Although her book never mentioned South Africa, Dean may counter that the South African revolution leaves a lot more to be desired by retaining capitalism with the consequence that the people continue to suffer but there is no doubt that South Africa achieved a lot politically through non-violent dialogue under Nelson Mandela who was serving a life-sentence for leading the military wing of the African National Congress (the dialogue was opposed by ANC militants who insisted on the defeat of apartheid militarily; “one settler one bullet”, they chanted). However, the dialogue succeeded remarkably compared to the situation in 1980 at the height of the armed struggle but the armed struggle could be said to have contributed indirectly to the success of the dialogue. Surely, no one would like to take South Africa back to the white minority reign of Botha in the 1980s, no matter how imperfect the country remains today.


Similarly, African Americans have been in the vanguard of the moral and intellectual movements to deepen democracy world-wide through non-violent means. Despite a million mutinies and maroon uprisings culminating in the glorious Haitian revolution that CLR James documented, the struggle against slavery was mainly non-violent until the enslavers declared a pro-slavery civil war in an attempt to extend enslavement nationally in the US.

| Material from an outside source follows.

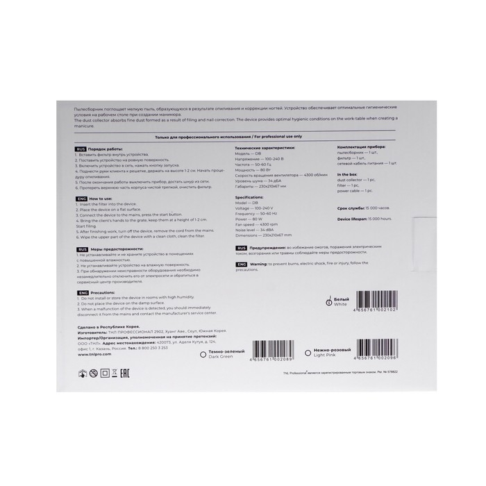 Пылесос для маникюра TNL Dust Barrier, 80 Вт, 4300 об/мин, многоразовый фильтр, белый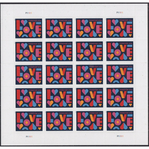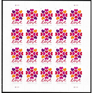 Love Hearts Full Sealed Pad of 100 Sheets (2000 Stamps) Scott 5543

During the Civil Rights revolution, WEB Du Bois was nearly jailed for advocating global peace and he stated in his autobiography that although he was able to defend himself in court against the trumped up charge, the railroading of thousands of innocent African Americans into jail is to blame for the fact that they tend to return to the community with resentment and anger, resulting in more violence in the community. Mohamed Ali was nearly jailed for refusing to fight Vietnamese who had never abused him racially and Martin Luther King Jr. was repeatedly jailed for advocating non-violent resistance to injustice. It is interesting that Dean did not mention the prison-industrial complex during her lecture nor in her book where she only referred to prison camps in the Soviet Union on page 29 and to the prison experience of the Vice President of Bolivia on page 2.



Whereas Malcolm X advocated the principle of ‘By Any Means Necessary’ in the struggle for freedom, he himself adopted non-violent intellectual and moral strategies, just like Martin Luther King Jr. As Dean conceded, the Eastern European revolutions were remarkably non-violent and it could be added that the hijacking of the Arab spring by armed groups has produced worse results compared to what was possible through non-violent resistance. An American trade unionist, who died in 1993, César Chavez, was also a strong advocate of non-violence and was quoted as saying that non-violent struggles can never be defeated because they are patient. Did he influence his name-sake, Hugo Chavez?